Wed Dec 7 15:10:16 PST 2022

vdmitrie added inline comments.

================
Comment at: llvm/lib/Target/X86/X86TargetTransformInfo.cpp:4470
+            if (!AffectedLanes[I] ||
+                (Lane == 0 && FullyAffectedLegalVectors[LegalVec]))
+              continue;
----------------
lebedev.ri wrote:
> vdmitrie wrote:
> > vdmitrie wrote:
> > > lebedev.ri wrote:
> > > > vdmitrie wrote:
> > > > > lebedev.ri wrote:
> > > > > > RKSimon wrote:
> > > > > > > vdmitrie wrote:
> > > > > > > > lebedev.ri wrote:
> > > > > > > > > vdmitrie wrote:
> > > > > > > > > > I just came across this patch and I'd like to ask some clarification question as I'd like to better understand the intent.
> > > > > > > > > > A quick remark before the question. In vectorizer term "lane" is typically mapped into individual vector element while when referencing memory/cache that is another thing. So in order to avoid confusion I will be referencing vector element explicitly and use "sub-vector" instead of "Lane" here.
> > > > > > > > > > 
> > > > > > > > > > Lets consider an example where we have 16 elements in of 32bits type each, like <16 x f32 >.

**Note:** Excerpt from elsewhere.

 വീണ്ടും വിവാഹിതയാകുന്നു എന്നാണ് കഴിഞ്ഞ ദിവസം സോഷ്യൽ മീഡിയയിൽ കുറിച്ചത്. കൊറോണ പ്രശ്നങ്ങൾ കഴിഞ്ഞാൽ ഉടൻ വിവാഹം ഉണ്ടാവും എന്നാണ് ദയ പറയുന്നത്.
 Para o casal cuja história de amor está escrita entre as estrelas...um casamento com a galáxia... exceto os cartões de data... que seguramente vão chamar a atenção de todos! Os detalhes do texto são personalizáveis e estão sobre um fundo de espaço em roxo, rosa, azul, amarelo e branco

> > > > > > > > > > On avx512 architecture that will be just single legal vector which consists of four sub-vectors of < 4 x f32 > types.

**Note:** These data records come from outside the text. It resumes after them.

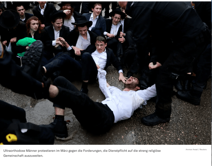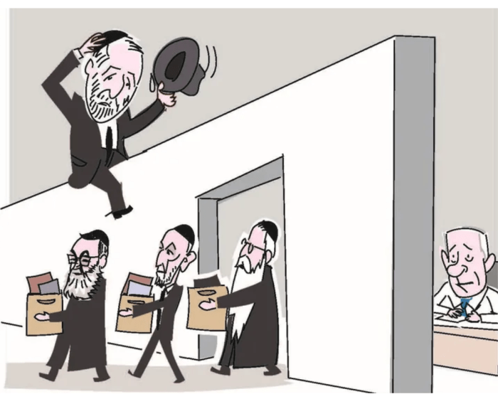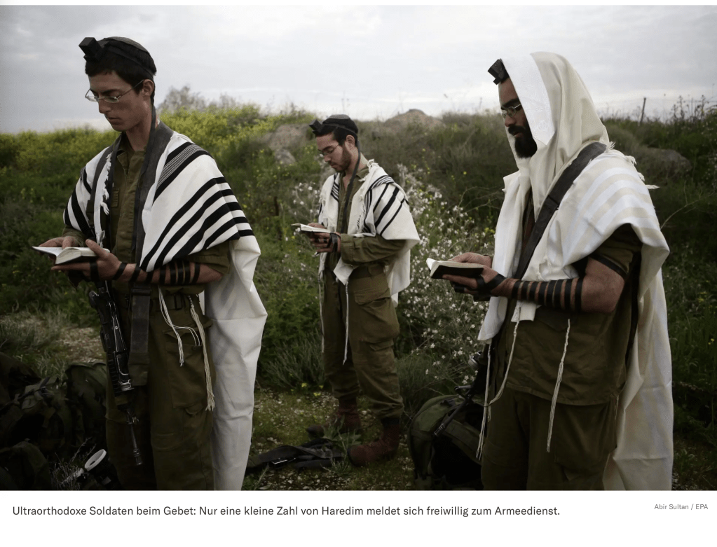 Seit der Angelobung hängt über Netanyahu das Damokles-Schwert, fest in der Hand der orthodoxen Parteien. Netanyahu hat ihnen versprochen, den alten Status, versprochen im Jahr 1948 von Ben-Gurion, wiederherzustellen. Der besagt, dass Haredim a priori vom Wehrdienst ausgenommen sind und nicht einberufen werden. Damals waren es nur wenige Hundert Männer, die das betraf, heute machen die Haredim etwa 13 % der Bevölkerung aus. Im Jahr 2023 sollten 66.000 von ihnen den Dienst in der IDF aufnehmen. Die Zahl derer, die kamen, ist verschwindend gering. Der IDF fehlen dringend Tausende Soldaten. Es ist nicht zu verstehen, warum säkulare Männer immer wieder in den Reservedienst eingezogen werden und sich Sorgen um ihren Beruf oder ihre Studien machen müssen. Und auf der anderen Seite Haredim, die wohl subsidiert vom Staat in ihren Yeshiwot sitzen und sich um nichts Sorgen machen müssen, ausser, ob sie genügend viele Zigaretten bei sich haben, um den Tag zu überstehen. Im Juni 2024 entschied der OGH einstimmig, dass es nun genug sei mit der Rücksichtnahme, die durch nichts begründet ist. Der Wehrdienst trifft nun de facto jeden. Bisher gelang es Netanyahu immer wieder, die Koalitionspartner mit meist finanziellen Häppchen ‘bei Laune zu halten’. Doch jetzt, nur kurze Zeit vor dem Beginn der Sommerpause, hatten sie die Nase voll.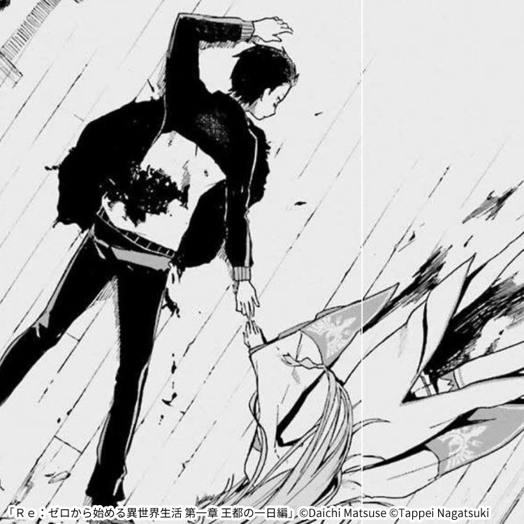 引きこもりの男子高校生、ナツキ・スバルは、ある日コンビニから帰る道で別の世界に転移してしまいます。辿り着いたのはファンタジーな異世界でしたが、スバルは路地裏でチンピラたちにカツアゲされ、あやうく殺されそうになります。 そこにあらわれてスバルを助けたのは、エミリアという少女でした。彼女は無くした徽章を探しており、チンピラたちから助けてもらったお礼をするために、盗賊の盗品蔵に二人で行きます。しかし、そこで二人は何者かに殺されてしまうのでした。 スバルは最初に転移した地点で目を覚まし、自分には"死に戻り"というタイムリープ能力があることに気づきます。スバルはこの能力を使って、エミリアを守りながら徽章を取り戻す方法を探し始めました。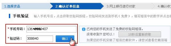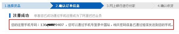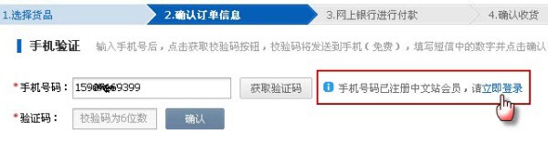 步骤2:确认订单信息页面,并通过手机号码验证方式注册为中文站member
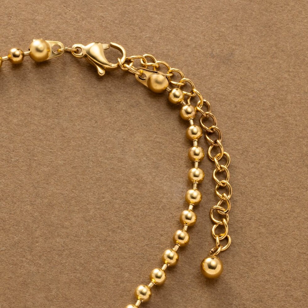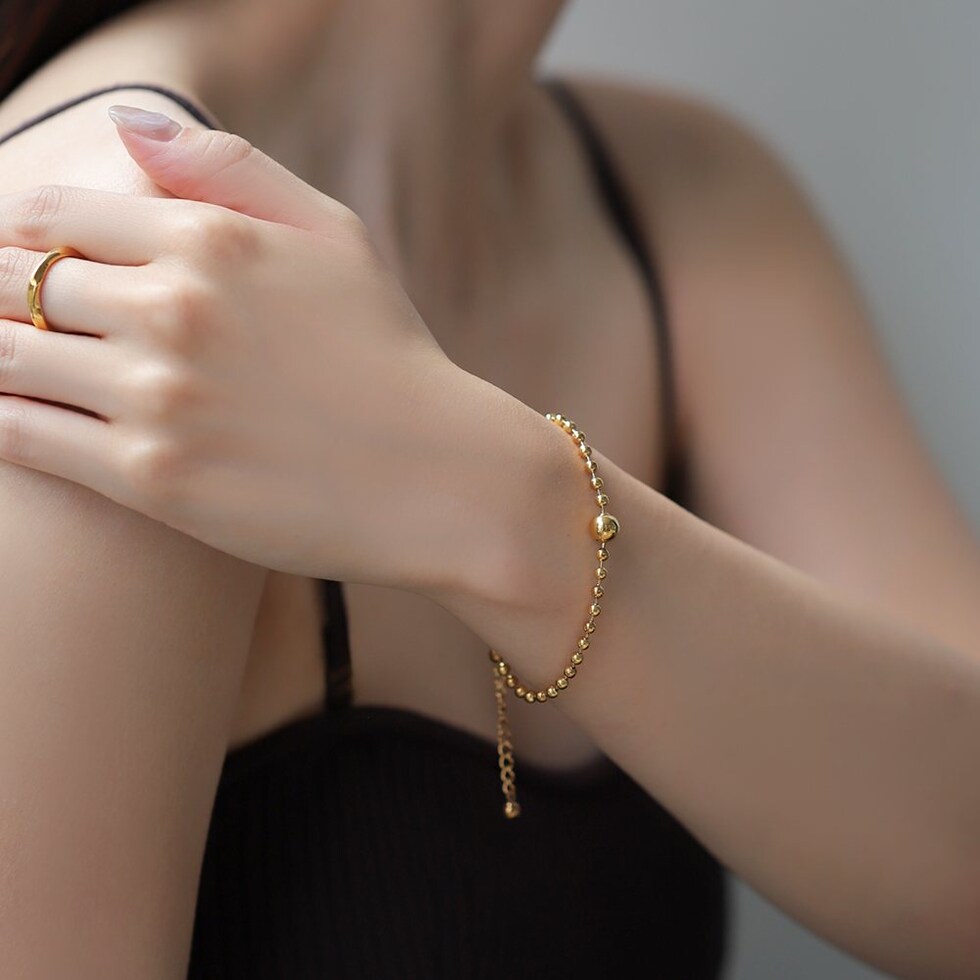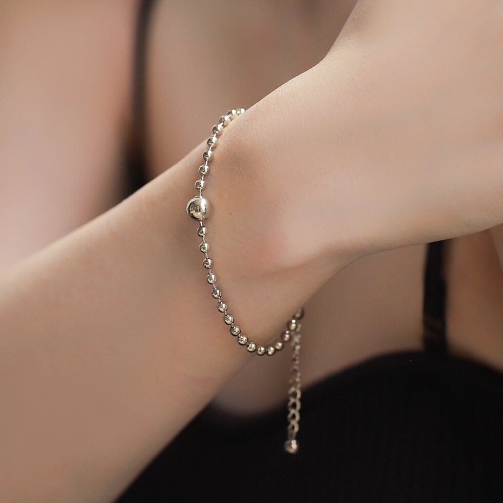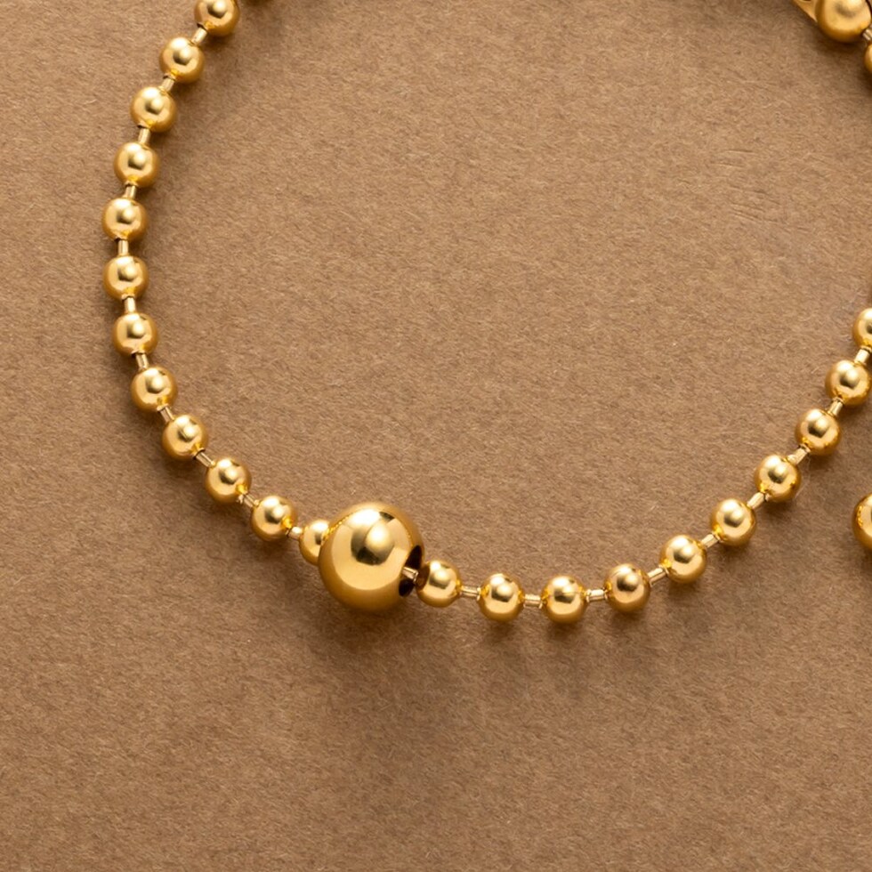 スマートな印象に仕上がるボールチェーンのブレスレット。中央のメタルボールはチェーンと固定されていないので、手元の動きに合わせて表情が変わるひと品。シンプルなデザインでデイリー使いにピッタリなアイテムです。
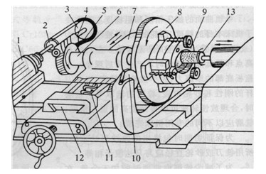 1-電動機;2、3-皮帶;4-蝸桿;5-蝸輪;6一軸;7一滑座; 8-靠模;9-工件;10-滾輪;11-拉簧;12 -座板;13-磨頭

> > > > > > > > > > Now consider two cases:
> > > > > > > > > > 1) we are building a full vector inserting each element of the legal vector
> > > > > > > > > > 2) we are inserting some of elements in every sub-vector in the legal vector (let it be each odd element for simplicity)
> > > > > > > > > > 
> > > > > > > > > > in the case 1, as we are building the entire vector, we don't have any upper elements to preserve so we don't really need insert there. So I assume that this is the case that supposed to be targeted (to be precise this should be not the entire vector build but rather all the upper sub-vectors build)
> > > > > > > > > > 
> > > > > > > > > > in case 2 we have to preserve some elements of upper sub-vectors. If I'm not mistaken It means that we still need to use insert for lowest sub-vector as well in order to preserve these elements (the upper part of the legal vector).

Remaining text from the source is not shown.